# Annotated seating plan map for Greenwich



## teapot (9 July 2012)

So we can all get a better idea of things:

SB - scoreboard
BS - big screen


----------



## imaginegenerous (9 July 2012)

Nice work teapot, thank you  looks like I'll be opposite the big screen and scoreboard so that'll be good.


----------



## Woodykat (9 July 2012)

Is this the same for the para's too? I've looked my seats up on my ticket allocation, and it says GA91511 - any ideas what the hell this means???


----------



## teapot (9 July 2012)

Think paras is entirely separate as friend asked me the same earlier, sorry


----------



## Woodykat (9 July 2012)

Ah thank you - thought I was going loopy! Kept trying to work out ways to make the stand numbers from the ones on the seating allocation.

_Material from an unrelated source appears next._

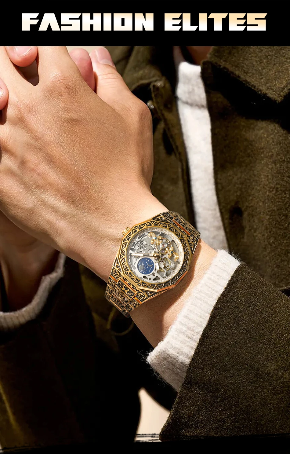 Automatic mechanical movement – powered by wrist motion, no battery required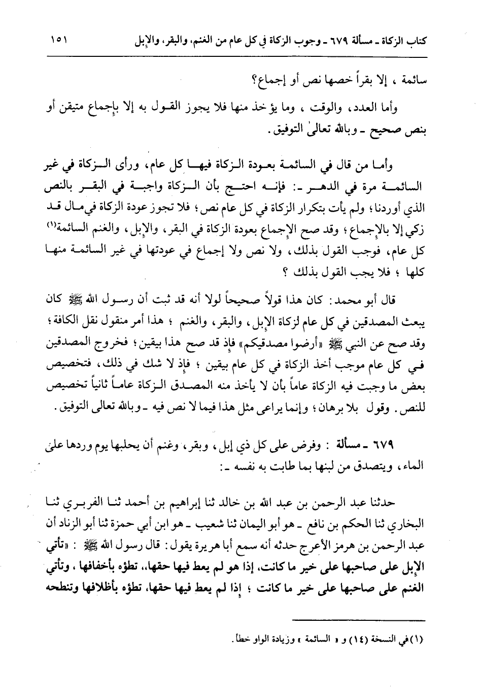 وَأَمَّا مَنْ قَالَ فِي السَّائِمَةِ بِعَوْدَةِ الزَّكَاةِ فِيهَا كُلَّ عَامٍ، وَرَأَى الزَّكَاةَ فِي غَيْرِ السَّائِمَةِ مَرَّةً فِي الدَّهْرِ -: فَإِنَّهُ احْتَجَّ بِأَنَّ الزَّكَاةَ وَاجِبَةٌ فِي الْبَقَرِ بِالنَّصِّ الَّذِي أَوْرَدْنَا؛ وَلَمْ يَأْتِ بِتَكْرَارِ الزَّكَاةِ فِي كُلِّ عَامٍ نَصٌّ؛ فَلَا تَجُوزُ عَوْدَةُ الزَّكَاةِ فِي مَالٍ قَدْ زُكِّيَ، إلَّا بِالْإِجْمَاعِ؛ وَقَدْ صَحَّ الْإِجْمَاعُ بِعَوْدَةِ الزَّكَاةِ فِي الْبَقَرِ، وَالْإِبِلِ، وَالْغَنَمِ السَّائِمَةِ كُلَّ عَامٍ، فَوَجَبَ الْقَوْلُ بِذَلِكَ، وَلَا نَصَّ وَلَا إجْمَاعَ فِي عَوْدَتِهَا فِي غَيْرِ السَّائِمَةِ مِنْهَا كُلِّهَا؛ فَلَا يَجِبُ الْقَوْلُ بِذَلِكَ؟ قَالَ أَبُو مُحَمَّدٍ: كَانَ هَذَا قَوْلًا صَحِيحًا لَوْلَا أَنَّهُ قَدْ ثَبَتَ «أَنَّ رَسُولَ اللَّهِ - صَلَّى اللَّهُ عَلَيْهِ وَسَلَّمَ - كَانَ يَبْعَثُ الْمُصَدِّقِينَ فِي كُلِّ عَامٍ لِزَكَاةِ الْإِبِلِ، وَالْبَقَرِ، وَالْغَنَمِ» هَذَا أَمْرٌ مَنْقُولٌ نَقْلَ الْكَافَّةِ؛ وَقَدْ صَحَّ «عَنْ النَّبِيِّ - صَلَّى اللَّهُ عَلَيْهِ وَسَلَّمَ - اُرْضُوَا مُصَدِّقِيكُمْ» فَإِذْ قَدْ صَحَّ هَذَا بِيَقِينٍ؛ فَخُرُوجُ الْمُصَدِّقِينَ فِي كُلِّ عَامٍ مُوجِبٌ أَخْذَ الزَّكَاةِ فِي كُلِّ عَامٍ بِيَقِينٍ؛ فَإِذْ لَا شَكَّ فِي ذَلِكَ، فَتَخْصِيصُ بَعْضِ مَا وَجَبَتْ فِيهِ الزَّكَاةُ عَامًا بِأَنْ لَا يَأْخُذَ مِنْهُ الْمُصَدِّقُ الزَّكَاةَ عَامًا ثَانِيًا تَخْصِيصٌ لِلنَّصِّ.

Hey ho, will have to wait!


----------



## CalllyH (9 July 2012)

Im 221 row 19 looks ok, they were top price dressage eventing so better be good


----------



## Jo_x (9 July 2012)

i think you may have east and west the wrong way round?


----------



## CalllyH (9 July 2012)

Jo_x said:



			i think you may have east and west the wrong way round? 

Click to expand...

I think the map is just the wrong way round judging from the small print writing


----------



## teapot (9 July 2012)

No I do - sorry blond moment  As the college buildings and city are to the north


----------



## Jo_x (10 July 2012)

Woodykat said:



			Is this the same for the para's too? I've looked my seats up on my ticket allocation, and it says GA91511 - any ideas what the hell this means??? 

Click to expand...

I dont think there is allocated seating for the paras


----------